» **ASSIGNMENT**:
Within the records that follow, restate exactly the lines from the line with "Bornier de repiquage" down to the line with "1 La portata", including both. Omit the pictures.

DATA LISTING section start

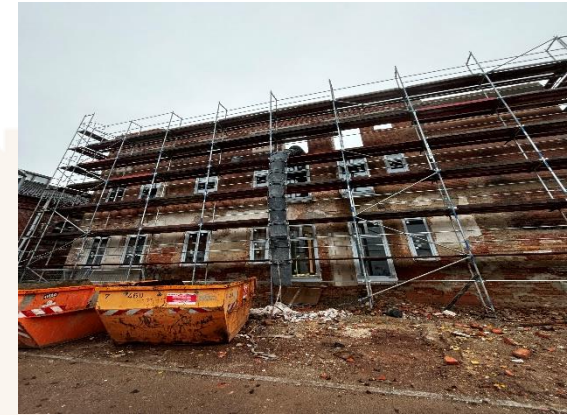
Ostseite neue Fenster
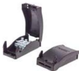
Bornier de repiquage
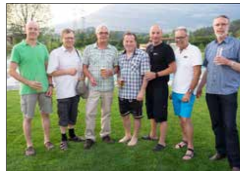
Die Thüriger Gemeindevertreter bei der Eröffnung des Walgaubades

Das sanierte und ausgebaut Walgaubad in Nenzing wurde am Freitag, 3. Juli offiziell eröffnet. Alle 14 „Regio Im Walgau“-Gemeinden haben sich an diesem Projekt
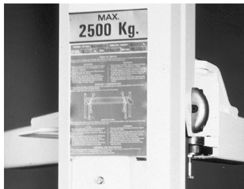
1 La portata deve essere indicata chiaramente.
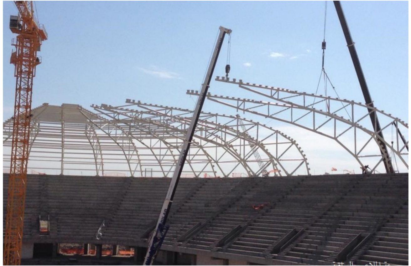
احد الملاعب الرياضية قبل الإنجاز

احتراف لي خارج العراق، عام 2004 بعد أولياد أبنائه، واعتقد أن هناك أمور أثرت على ظهوره بالمستوى المطلوب على رأسها أنني لم أكن أعلم الاحتراف الحقيقي وقتها ولو
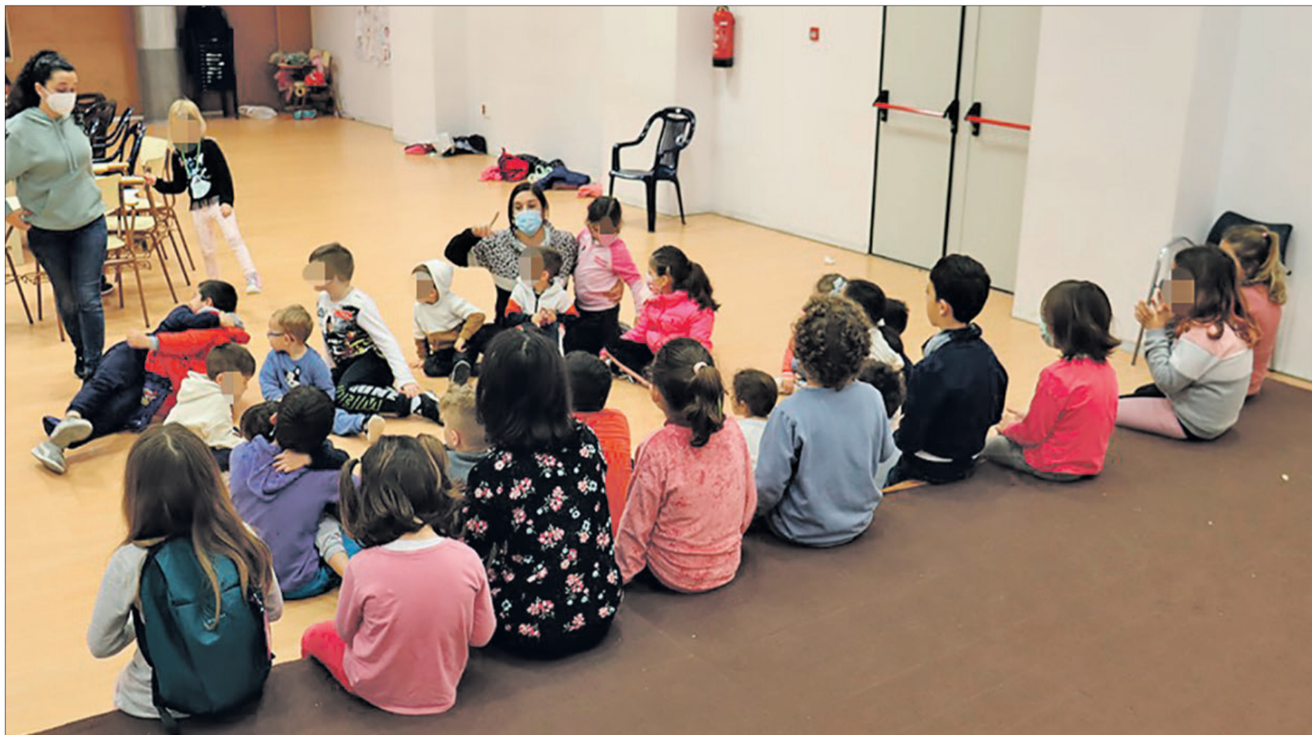
Xiquets i xiquetes en una sessió de la ludoteca.

«NADAL OLIVIA» S'EMMARCA DINTRE DEL PROGRAMA OLIVIA CONCILIA

DATA LISTING section end

» **TASK RESPONSE**:
Bornier de repiquage
Die Thüriger Gemeindevertreter bei der Eröffnung des Walgaubades

Das sanierte und ausgebaut Walgaubad in Nenzing wurde am Freitag, 3. Juli offiziell eröffnet. Alle 14 „Regio Im Walgau“-Gemeinden haben sich an diesem Projekt
1 La portata deve essere indicata chiaramente.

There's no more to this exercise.